Purpose of the flight and payload description

Project Mogul was a top secret project carried out by the US Army Air Forces involving the launch of stratospheric balloons carrying sensitive microphones, whose primary purpose was long-distance detection of sound waves generated by Soviet atomic bomb tests. The project was carried out from 1947 until early 1949. The project was moderately successful, but was very expensive and ultimatelly was replaced by a network of seismic detectors and air sampling for fallout.

Details of the balloon flight

Balloon launched on: 5/8/1947
Launch site: Lehigh University, Bethelem, Pennsylvania  
Balloon launched by: University of New York
Balloon manufacturer/size/composition: Balloon Tandem Tandem (23 x 350gr)
Flight identification number: NYU 3
End of flight (L for landing time, W for last contact, otherwise termination time): 5/8/1947
Landing site: Balloons broke free

In early April 1947, the British military prepared to destroy with explosives German naval installations on Helgoland, an island in the North Sea on which would become one of the biggest non-nuclear man-made explosions.
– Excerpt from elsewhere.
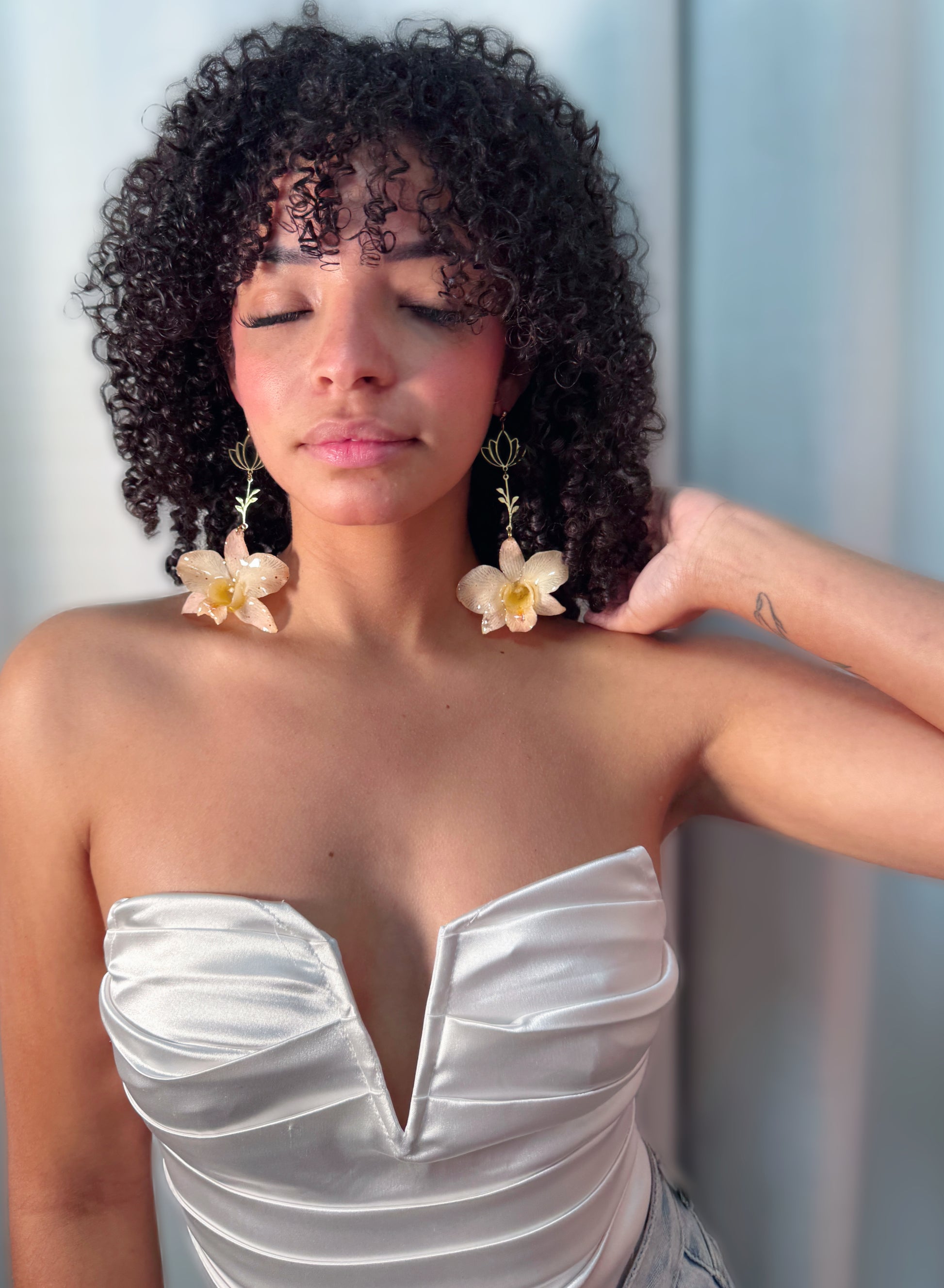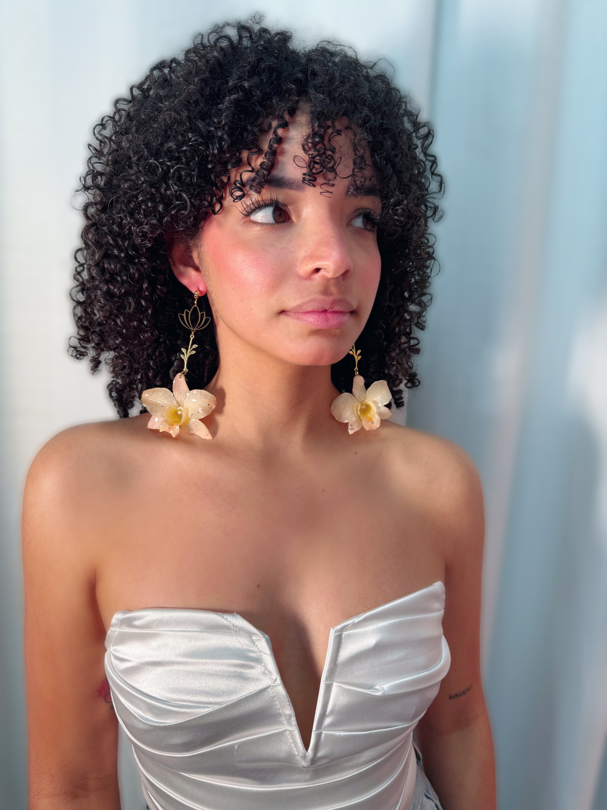 Estos aretes están elaborados con orquídea Dendrobium natural en tono melocotón, cuidadosamente preservada y sellada para conservar su delicadeza, textura y color original. Cada flor mantiene sus detalles naturales, lo que hace que cada par sea único e irrepetible.

In preparation for monitoring the acoustic signal produced by the blast, during that month, the New York University group performed a series of balloon launches from the football field at Lehigh University in Bethlehem, Pennsylvania.

This was the third and last flight attempt of the series. The payload consisted of the MOGUL project Sonobuoy, radar targets, radiosonde and sand-based ballast system. The operations commenced on the early morning of 8 May, but after the balloons were inflated, the winds picked up and the balloons broke free before the NYU scientists could attach the instrument payload. After this incident, the project decided to look for a launch site with better wind conditions and less air traffic than that around New York City, so operations were moved to Alamogordo Army Air Field in New Mexico, where a Watson Laboratories field station was already in operation.